If we consider that imprecisions of 5 % are satisfactory, which is acceptable in elemental geochemistry (e.g., De Vivo et al. 2008), the results obtained on core JPC14 show that XRF peak areas obtained on sediment cores with grain-size variations of up to 20–40 μm. do not need to be corrected for grain-size. This value is however lower when considering the results obtained on core PC29A, for which an imprecision of 5 % corresponds to grain-size variations of as little as 6 μm for some elements.

For Fe and Ti, which are among the most frequently used elements in XRF studies of sediment cores, grain-size variations of up to 40 μm do not affect the XRF peak areas for more than 5 %. For cores that present large grain-size variations, such as JPC14, correcting the XRF peak areas for water content significantly improves the precision, and therefore increases the grain-size range for which good XRF data can be obtained, by a factor of three.

Conclusions

The comparison between XRF core scanner peak areas and ICP-AES elemental concentrations obtained on sediment cores JPC14 and PC29A provides evidence for a limited influence of sediment grain-size variations on XRF peak areas.

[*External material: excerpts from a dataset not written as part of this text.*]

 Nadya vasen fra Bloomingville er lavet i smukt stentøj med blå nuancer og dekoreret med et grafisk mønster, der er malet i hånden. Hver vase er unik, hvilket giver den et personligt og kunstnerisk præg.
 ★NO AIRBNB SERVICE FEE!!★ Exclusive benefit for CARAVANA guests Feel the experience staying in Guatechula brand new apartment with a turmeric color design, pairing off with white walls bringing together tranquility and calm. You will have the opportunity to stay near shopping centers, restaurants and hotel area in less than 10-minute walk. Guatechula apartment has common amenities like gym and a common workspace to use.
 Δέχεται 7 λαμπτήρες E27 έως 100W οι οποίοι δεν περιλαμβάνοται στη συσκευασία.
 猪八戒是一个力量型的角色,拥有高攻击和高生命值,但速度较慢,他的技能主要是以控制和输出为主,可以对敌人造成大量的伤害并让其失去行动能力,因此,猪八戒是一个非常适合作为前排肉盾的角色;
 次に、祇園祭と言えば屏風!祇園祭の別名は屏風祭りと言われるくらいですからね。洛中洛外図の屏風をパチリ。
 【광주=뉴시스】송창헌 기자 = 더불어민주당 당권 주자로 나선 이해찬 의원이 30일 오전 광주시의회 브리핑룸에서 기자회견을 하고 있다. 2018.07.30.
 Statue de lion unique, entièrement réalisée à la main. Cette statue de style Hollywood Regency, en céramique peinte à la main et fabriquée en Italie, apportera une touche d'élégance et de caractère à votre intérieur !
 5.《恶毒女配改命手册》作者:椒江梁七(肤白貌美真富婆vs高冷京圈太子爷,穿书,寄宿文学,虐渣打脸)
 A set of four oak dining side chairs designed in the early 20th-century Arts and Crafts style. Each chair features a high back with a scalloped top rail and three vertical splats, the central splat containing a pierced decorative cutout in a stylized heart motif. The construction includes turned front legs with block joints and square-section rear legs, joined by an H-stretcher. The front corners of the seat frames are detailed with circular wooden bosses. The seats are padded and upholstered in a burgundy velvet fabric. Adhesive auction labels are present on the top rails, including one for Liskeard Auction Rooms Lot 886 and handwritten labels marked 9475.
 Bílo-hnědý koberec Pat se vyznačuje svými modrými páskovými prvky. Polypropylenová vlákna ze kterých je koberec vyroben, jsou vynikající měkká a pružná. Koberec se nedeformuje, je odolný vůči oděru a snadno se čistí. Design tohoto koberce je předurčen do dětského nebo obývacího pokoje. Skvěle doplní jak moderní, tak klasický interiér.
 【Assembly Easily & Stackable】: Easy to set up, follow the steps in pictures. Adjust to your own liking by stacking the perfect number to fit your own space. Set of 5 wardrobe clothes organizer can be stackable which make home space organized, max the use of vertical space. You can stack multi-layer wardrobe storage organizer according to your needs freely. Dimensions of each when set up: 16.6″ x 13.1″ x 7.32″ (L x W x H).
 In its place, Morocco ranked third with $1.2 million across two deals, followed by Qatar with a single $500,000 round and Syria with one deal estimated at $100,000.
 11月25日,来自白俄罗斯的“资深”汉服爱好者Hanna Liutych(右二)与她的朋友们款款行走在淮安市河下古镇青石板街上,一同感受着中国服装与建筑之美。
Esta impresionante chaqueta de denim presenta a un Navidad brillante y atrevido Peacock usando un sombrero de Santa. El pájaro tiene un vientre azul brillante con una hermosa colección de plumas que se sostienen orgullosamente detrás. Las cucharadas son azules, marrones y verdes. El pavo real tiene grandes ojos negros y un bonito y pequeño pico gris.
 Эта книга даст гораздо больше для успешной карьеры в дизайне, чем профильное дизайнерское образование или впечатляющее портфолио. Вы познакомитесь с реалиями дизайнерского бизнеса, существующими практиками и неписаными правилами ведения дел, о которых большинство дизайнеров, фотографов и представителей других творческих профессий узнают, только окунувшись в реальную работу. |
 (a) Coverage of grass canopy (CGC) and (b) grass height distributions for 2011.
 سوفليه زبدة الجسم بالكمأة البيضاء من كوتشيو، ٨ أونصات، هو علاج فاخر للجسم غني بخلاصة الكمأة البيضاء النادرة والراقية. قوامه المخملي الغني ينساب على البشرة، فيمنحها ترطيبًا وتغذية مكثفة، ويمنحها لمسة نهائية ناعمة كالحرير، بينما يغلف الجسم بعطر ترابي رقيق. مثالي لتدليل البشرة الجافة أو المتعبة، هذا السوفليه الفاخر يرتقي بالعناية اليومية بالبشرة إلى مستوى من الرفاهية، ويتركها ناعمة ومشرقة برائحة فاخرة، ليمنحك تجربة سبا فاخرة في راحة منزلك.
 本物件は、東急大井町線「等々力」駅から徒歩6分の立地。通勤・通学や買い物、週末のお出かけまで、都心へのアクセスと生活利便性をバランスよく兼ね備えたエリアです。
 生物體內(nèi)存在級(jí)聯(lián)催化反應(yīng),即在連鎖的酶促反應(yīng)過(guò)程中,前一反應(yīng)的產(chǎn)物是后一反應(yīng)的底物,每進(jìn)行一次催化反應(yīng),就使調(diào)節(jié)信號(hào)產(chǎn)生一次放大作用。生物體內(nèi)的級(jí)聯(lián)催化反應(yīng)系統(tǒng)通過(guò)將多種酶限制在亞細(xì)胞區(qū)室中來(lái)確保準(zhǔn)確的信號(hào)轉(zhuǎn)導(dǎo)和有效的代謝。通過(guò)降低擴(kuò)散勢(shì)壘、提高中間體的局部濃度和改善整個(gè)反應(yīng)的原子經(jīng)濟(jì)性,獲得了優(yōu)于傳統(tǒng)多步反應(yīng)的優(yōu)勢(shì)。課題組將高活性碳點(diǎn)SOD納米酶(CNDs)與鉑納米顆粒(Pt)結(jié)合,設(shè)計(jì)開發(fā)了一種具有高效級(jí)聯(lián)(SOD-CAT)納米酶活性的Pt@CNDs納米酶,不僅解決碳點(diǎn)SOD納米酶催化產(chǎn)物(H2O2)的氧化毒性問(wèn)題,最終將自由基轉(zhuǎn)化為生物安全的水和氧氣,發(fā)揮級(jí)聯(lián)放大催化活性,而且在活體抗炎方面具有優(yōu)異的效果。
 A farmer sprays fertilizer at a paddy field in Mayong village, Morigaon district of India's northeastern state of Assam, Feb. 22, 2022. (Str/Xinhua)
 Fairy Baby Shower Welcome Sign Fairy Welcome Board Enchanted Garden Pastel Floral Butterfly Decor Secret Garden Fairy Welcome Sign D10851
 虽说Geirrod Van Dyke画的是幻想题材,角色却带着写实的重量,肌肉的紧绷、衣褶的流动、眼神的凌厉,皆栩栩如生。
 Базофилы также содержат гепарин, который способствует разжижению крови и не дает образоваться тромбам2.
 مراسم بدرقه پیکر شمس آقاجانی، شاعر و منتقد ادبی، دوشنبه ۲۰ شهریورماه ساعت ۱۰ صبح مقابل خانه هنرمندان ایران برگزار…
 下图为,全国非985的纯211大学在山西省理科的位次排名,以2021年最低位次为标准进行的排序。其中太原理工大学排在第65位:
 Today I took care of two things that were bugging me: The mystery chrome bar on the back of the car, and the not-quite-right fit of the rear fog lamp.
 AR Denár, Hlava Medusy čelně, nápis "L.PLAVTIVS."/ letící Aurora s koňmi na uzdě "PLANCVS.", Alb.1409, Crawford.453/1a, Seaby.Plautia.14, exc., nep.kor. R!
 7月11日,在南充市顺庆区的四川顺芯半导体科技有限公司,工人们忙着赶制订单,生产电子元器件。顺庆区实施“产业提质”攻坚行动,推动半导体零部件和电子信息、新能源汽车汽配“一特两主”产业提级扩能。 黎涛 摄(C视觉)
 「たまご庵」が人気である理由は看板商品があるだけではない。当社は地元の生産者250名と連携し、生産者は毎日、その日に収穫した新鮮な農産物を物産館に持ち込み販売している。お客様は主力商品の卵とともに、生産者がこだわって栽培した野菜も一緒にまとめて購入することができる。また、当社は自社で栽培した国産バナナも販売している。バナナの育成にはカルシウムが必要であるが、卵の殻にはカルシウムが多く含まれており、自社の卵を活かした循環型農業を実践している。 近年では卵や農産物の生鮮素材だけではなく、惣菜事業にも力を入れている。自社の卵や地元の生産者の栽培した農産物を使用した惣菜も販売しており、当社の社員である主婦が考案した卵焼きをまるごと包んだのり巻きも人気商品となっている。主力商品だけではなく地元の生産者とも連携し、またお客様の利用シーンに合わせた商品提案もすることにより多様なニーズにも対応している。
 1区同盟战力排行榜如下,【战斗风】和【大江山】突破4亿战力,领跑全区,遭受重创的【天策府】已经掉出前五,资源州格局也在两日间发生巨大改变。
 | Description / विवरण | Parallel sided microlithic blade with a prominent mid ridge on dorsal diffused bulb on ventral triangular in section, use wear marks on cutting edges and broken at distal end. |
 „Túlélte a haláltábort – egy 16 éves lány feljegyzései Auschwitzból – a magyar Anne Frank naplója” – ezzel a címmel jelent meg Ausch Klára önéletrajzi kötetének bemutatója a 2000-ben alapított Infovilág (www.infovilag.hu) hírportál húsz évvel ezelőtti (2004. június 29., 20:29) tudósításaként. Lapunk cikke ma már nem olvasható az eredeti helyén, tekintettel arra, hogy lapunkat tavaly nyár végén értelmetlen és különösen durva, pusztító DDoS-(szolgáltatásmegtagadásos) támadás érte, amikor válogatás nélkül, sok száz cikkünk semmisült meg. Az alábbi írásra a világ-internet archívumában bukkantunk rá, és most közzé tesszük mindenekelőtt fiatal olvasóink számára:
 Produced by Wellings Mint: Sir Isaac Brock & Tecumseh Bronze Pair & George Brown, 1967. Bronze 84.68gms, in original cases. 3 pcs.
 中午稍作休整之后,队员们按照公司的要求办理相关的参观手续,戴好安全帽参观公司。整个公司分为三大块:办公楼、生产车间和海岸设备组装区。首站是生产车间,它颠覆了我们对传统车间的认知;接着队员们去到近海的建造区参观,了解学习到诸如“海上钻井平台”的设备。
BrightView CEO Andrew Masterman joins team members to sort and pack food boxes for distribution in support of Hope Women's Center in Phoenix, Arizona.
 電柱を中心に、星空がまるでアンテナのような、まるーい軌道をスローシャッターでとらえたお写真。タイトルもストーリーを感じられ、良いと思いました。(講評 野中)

Grain-size variations only affect a limited but inconsistent number of elements. For the elements that are affected, the effect of grain-size is negligible for grain-size ranges of 10–20 μm. For cores that show large variations in grain-size, correcting the peak areas for water content variations improves the precision of the XRF core scanner data by a factor of three. This study therefore demonstrates that grain-size variations are not a major issue in XRF core scanning of sediment cores. Further studies should focus on assessing the influence of other sediment physical properties, e.g., bulk density, on XRF peak areas.